Pythium dissotocum

Scientific classification
- Domain: Eukaryota
- Clade: Sar
- Clade: Stramenopiles
- Division: Oomycota
- Class: Peronosporomycetes
- Order: Peronosporales
- Family: Pythiaceae
- Genus: Pythium
- Species: P. dissotocum
- Binomial name: Pythium dissotocum Drechsler, (1930)
- Synonyms: Pythium perigynosum

= Pythium dissotocum =

- Genus: Pythium
- Species: dissotocum
- Authority: Drechsler, (1930)
- Synonyms: Pythium perigynosum

Pathogenic water mold

Pythium dissotocum is a plant pathogen infecting strawberry and rice.

== Disease cycle ==
Pythium dissotocum is a polycyclic oomycete root rot capable of both sexual and asexual reproduction. In its mid-season asexual phase, P. dissotocum disperses by forming filamentous sporangia, which produce vesicles housing 10-75 motile zoospores. Vesicles open, releasing zoospores which contact host roots, encyst, and produce a germ tube which infects the host root, and begins formation of mycelium.
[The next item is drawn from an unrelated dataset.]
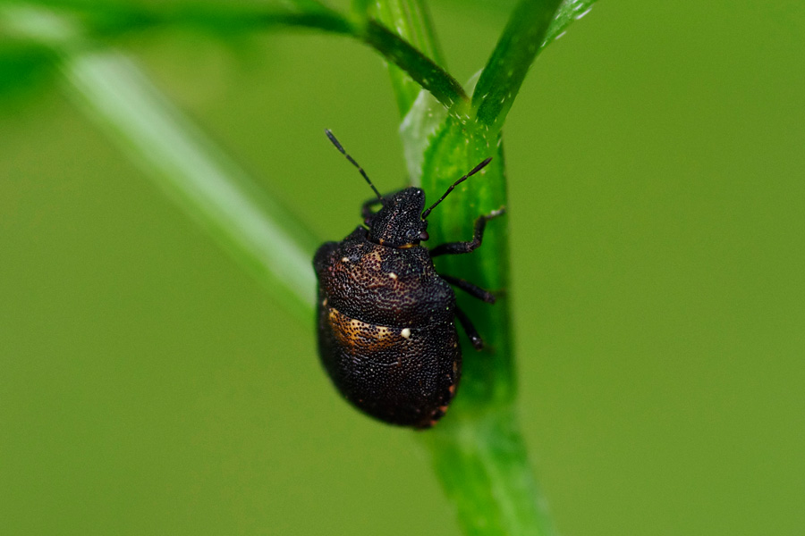 葉上にいたのはムシクソハムシ。虫、特にイモムシの糞に擬態しているように見えるので、こんな名前で呼ばれているが、まぁ呼ばれる側はイイ気がしないだろう。

In sexual reproduction, if multiple mating types are present, hyphal antheridium can contact each other and undergo plasmogamy, merging their membranes near the end of growing season. After several steps of differentiation and meiosis, an oospore, the primary survival structure, is formed. These thick-walled oospores can remain dormant for many months, and will eventually germinate through two methods. A sporangium can be produced, which generates a cyst and releases zoospores, or the oospore can create a germ tube which can directly penetrate and infect a host. This disease cycle is extremely dependent on water for dispersal, making greenhouses, irrigation systems, and hydroponics especially prone to spread of P. dissotocum.

== Importance ==
P. dissotocum is primarily a water-borne pathogen, and as a result poses serious threats to plants grown via hydroponics and by irrigation. With motile spores that can move quickly, infection spreads rapidly in water-logged crops and hydroponic systems. P. dissotocum can infect a large range of hosts, including many agricultural and horticultural crops like lettuce, spinach, peppers, parsnip, parsley, tomato, sugar cane, and carrot and hydroponic Cannabis sativa. Other economic products are threatened by the presence of P. dissotocum, including tree nurseries, maize/corn, and soybeans. Infection of P. dissotocum can lead to significant loss of crop yield due to necrosis of roots, root lesions, chlorosis, and damping off. This results in severe economic loss for farmers growing both sustenance crops, and commercial products. The organism is found in many regions across the Americas, Europe, and Asia, meaning that increasing globalization could cause introduction of the pathogen to potentially vulnerable crops and ecosystems.

== Diagnosis ==
RTPCR methods are available.

== Control ==
As a root rot, it tends to have more severe effects on young plants and seedlings, where it can damage and kill newly forming roots necessary for plant growth and nutrient acquisition. As a result, many control methods involve limiting the amount of exposure early in the season. Effective measure include application of fungicides like mefenoxam and phosphonates, often in conjunction. Additionally, inoculation with Pseudomonas chlororaphis, a common biocontrol inoculant used in horticulture, has potential to suppress symptoms of P. dissotocum infection, but is currently inconsistent in current trials, and doesn't block colonization. Like most root rots, P. dissotocum thrives in wet conditions. Preventing over-watering will help reduce infection in soil. Engaging in sanitation or fungicide treatment of tools and water can help reduce transmission and infection of P. dissotocum especially in irrigation or hydroponic systems. If infection has occurred, recovery can sometimes occur by trimming off damaged roots, and sterilizing those that are still white and healthy.